## RECORDED DATA
━━━

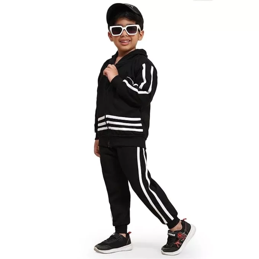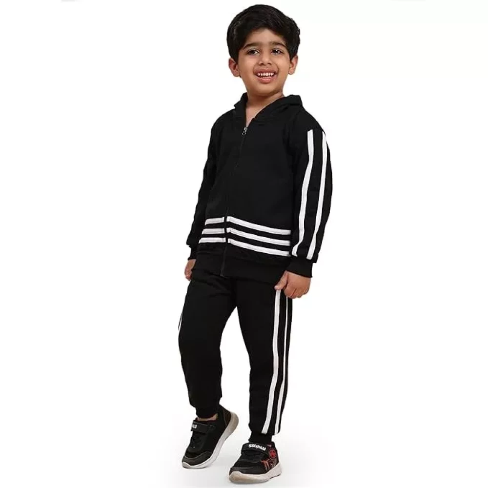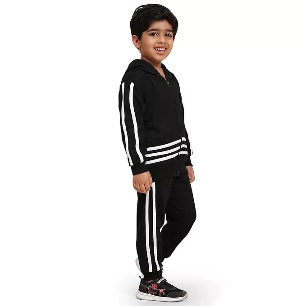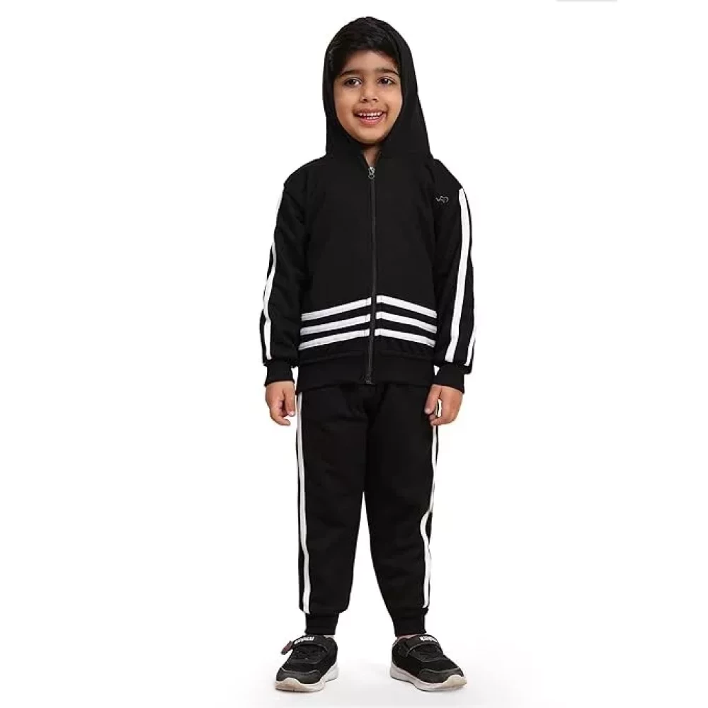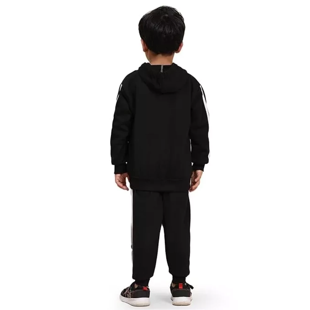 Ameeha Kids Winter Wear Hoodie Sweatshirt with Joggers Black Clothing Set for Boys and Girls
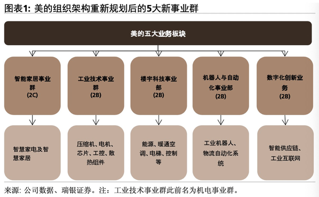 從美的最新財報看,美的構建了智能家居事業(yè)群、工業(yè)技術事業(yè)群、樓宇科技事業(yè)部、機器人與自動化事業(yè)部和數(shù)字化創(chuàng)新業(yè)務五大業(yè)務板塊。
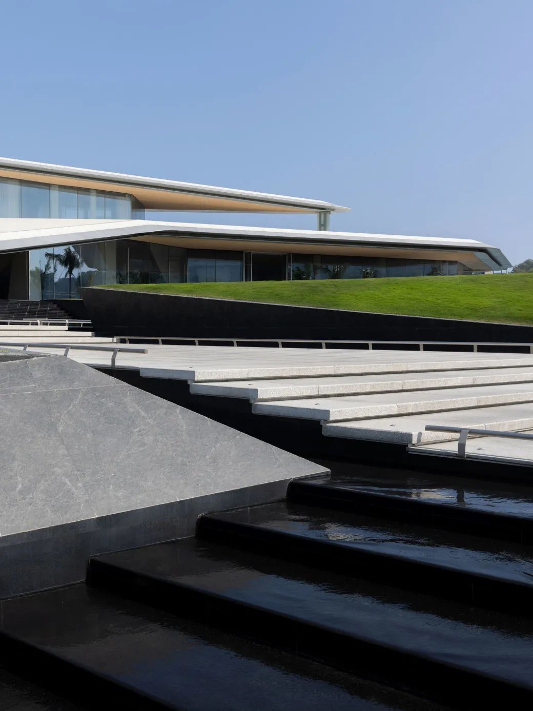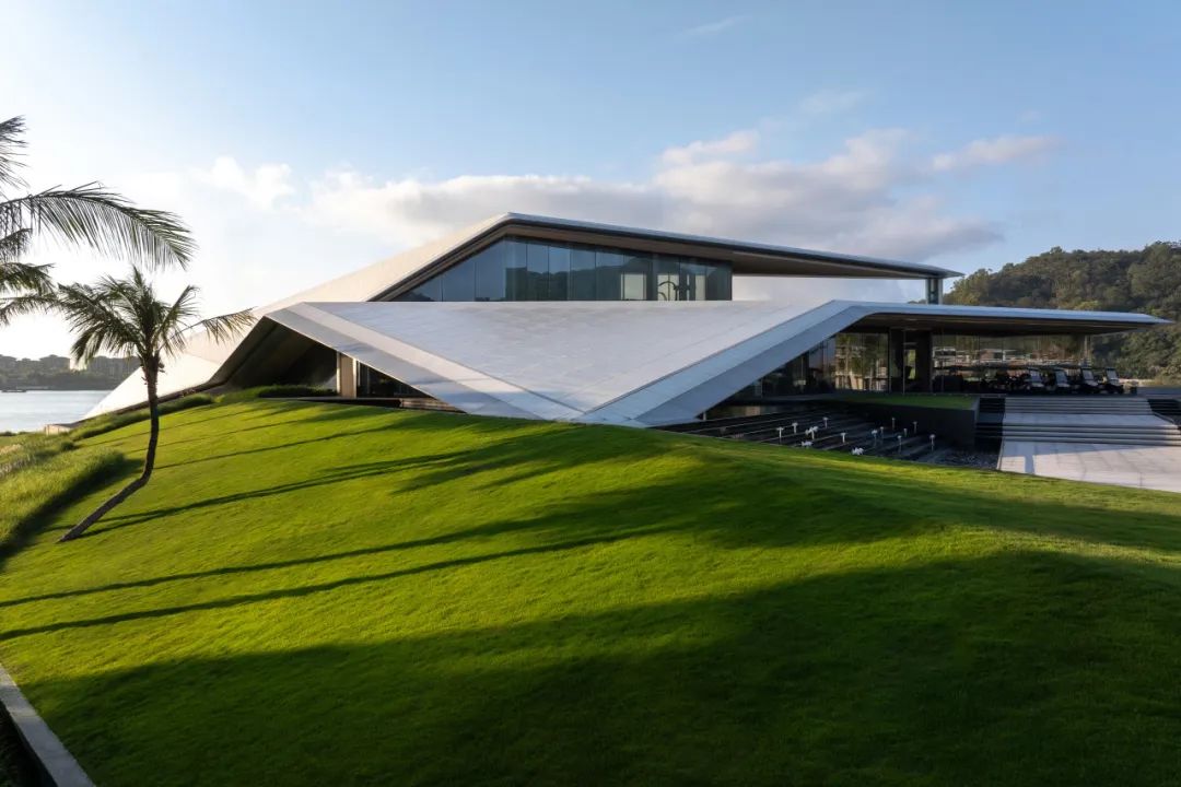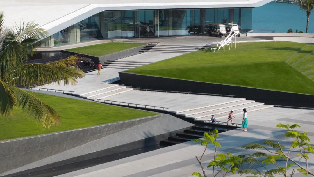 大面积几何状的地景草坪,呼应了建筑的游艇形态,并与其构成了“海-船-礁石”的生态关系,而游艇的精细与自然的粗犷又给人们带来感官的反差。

━━━

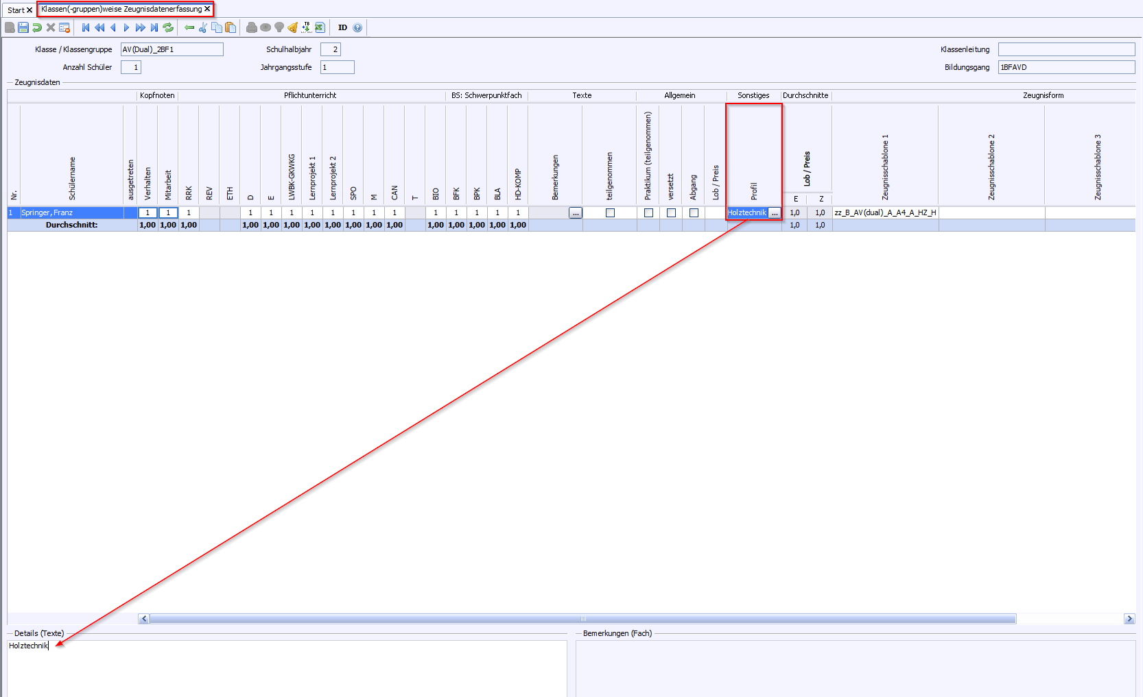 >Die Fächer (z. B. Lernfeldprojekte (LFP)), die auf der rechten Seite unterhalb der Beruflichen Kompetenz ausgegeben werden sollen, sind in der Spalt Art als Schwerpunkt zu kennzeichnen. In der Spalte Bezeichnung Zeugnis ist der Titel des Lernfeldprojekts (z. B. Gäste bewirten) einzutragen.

━━━

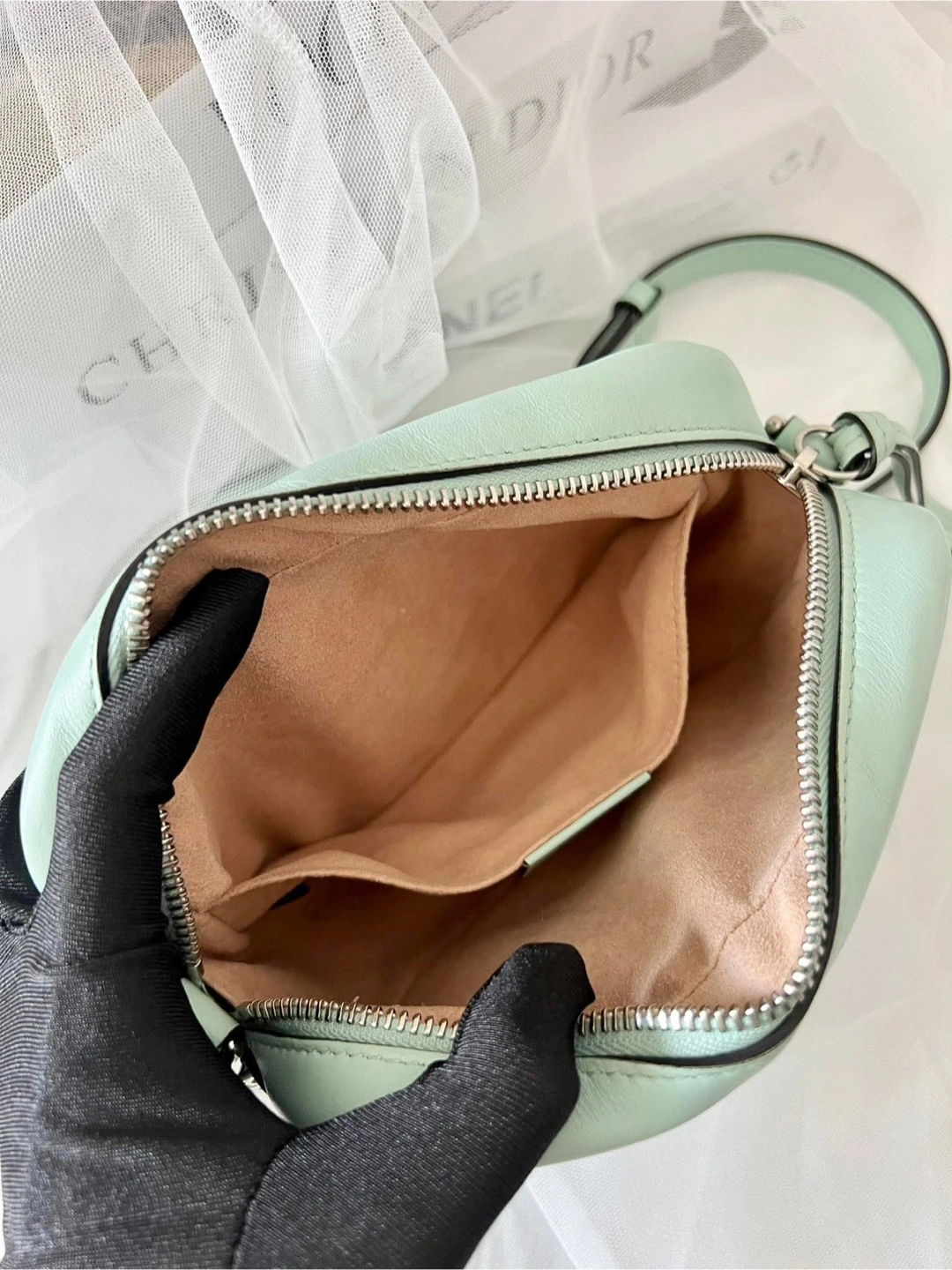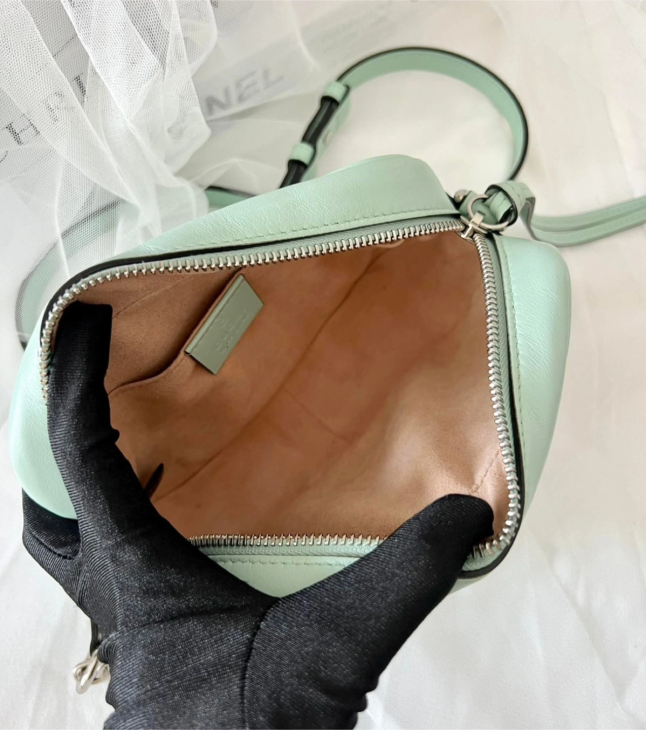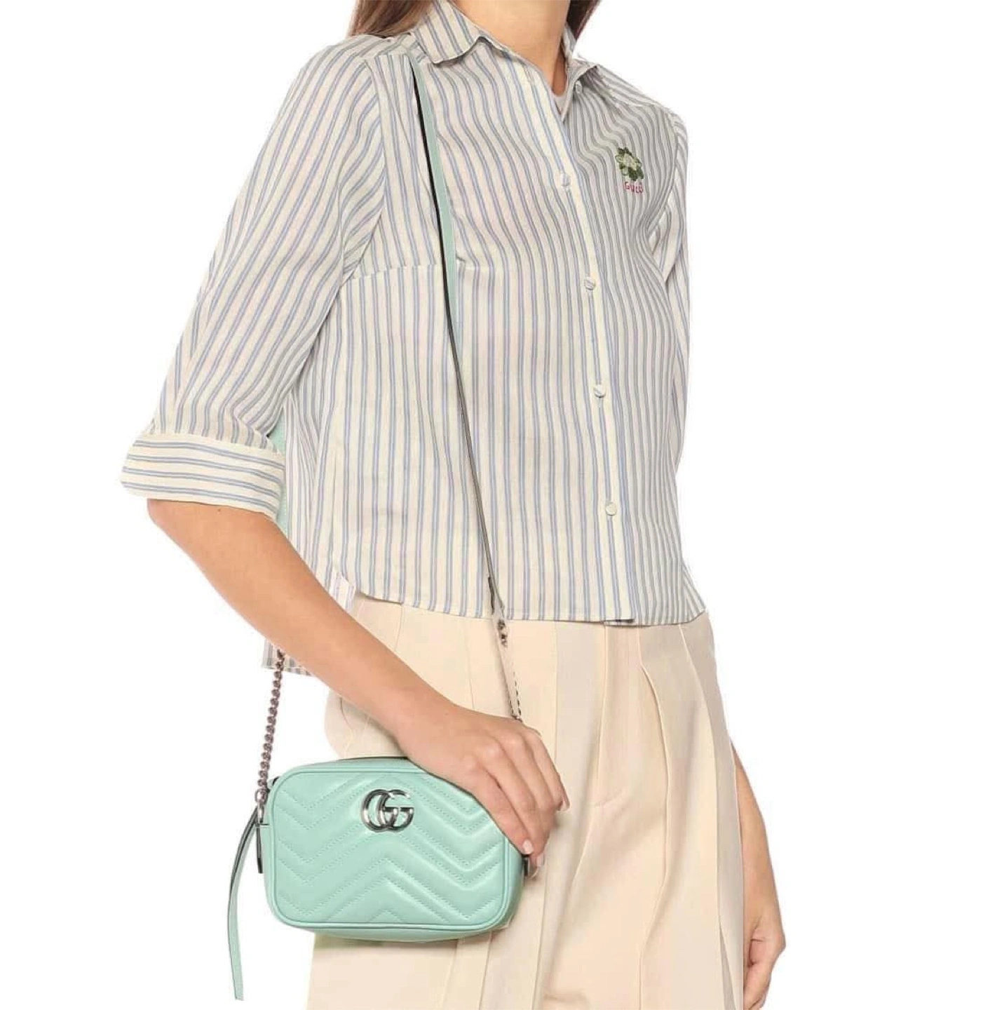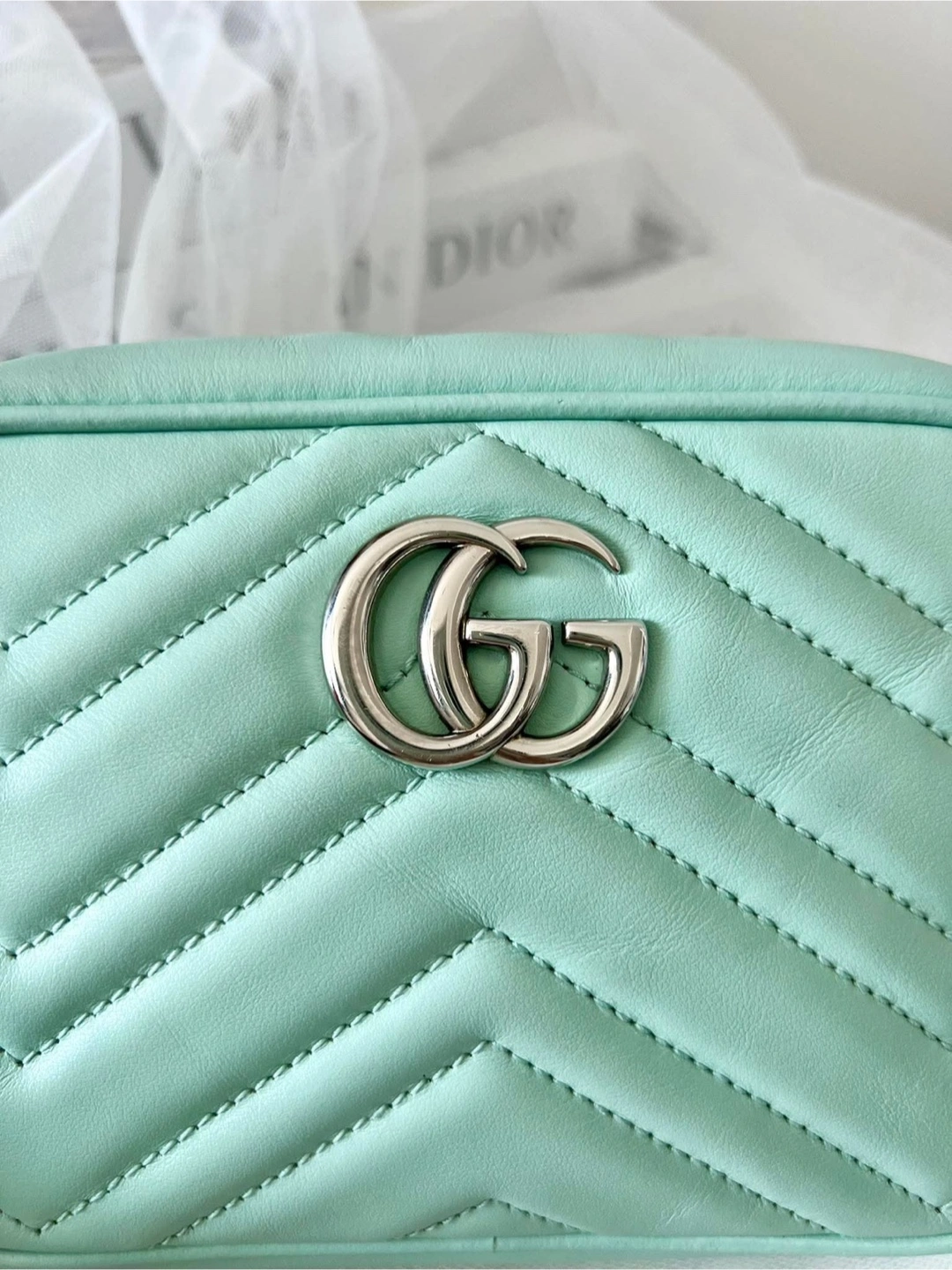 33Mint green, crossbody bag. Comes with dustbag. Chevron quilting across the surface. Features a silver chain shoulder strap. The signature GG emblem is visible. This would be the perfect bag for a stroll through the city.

━━━

## TO DO
Above are the records; restate exactly the lines from the one containing "從美的最新財報看,美的構建了" through the one containing "大面积几何状的地景草坪,呼应", keeping pictures out.

## ANSWER FOR THIS EXERCISE
 從美的最新財報看,美的構建了智能家居事業(yè)群、工業(yè)技術事業(yè)群、樓宇科技事業(yè)部、機器人與自動化事業(yè)部和數(shù)字化創(chuàng)新業(yè)務五大業(yè)務板塊。
 大面积几何状的地景草坪,呼应了建筑的游艇形态,并与其构成了“海-船-礁石”的生态关系,而游艇的精细与自然的粗犷又给人们带来感官的反差。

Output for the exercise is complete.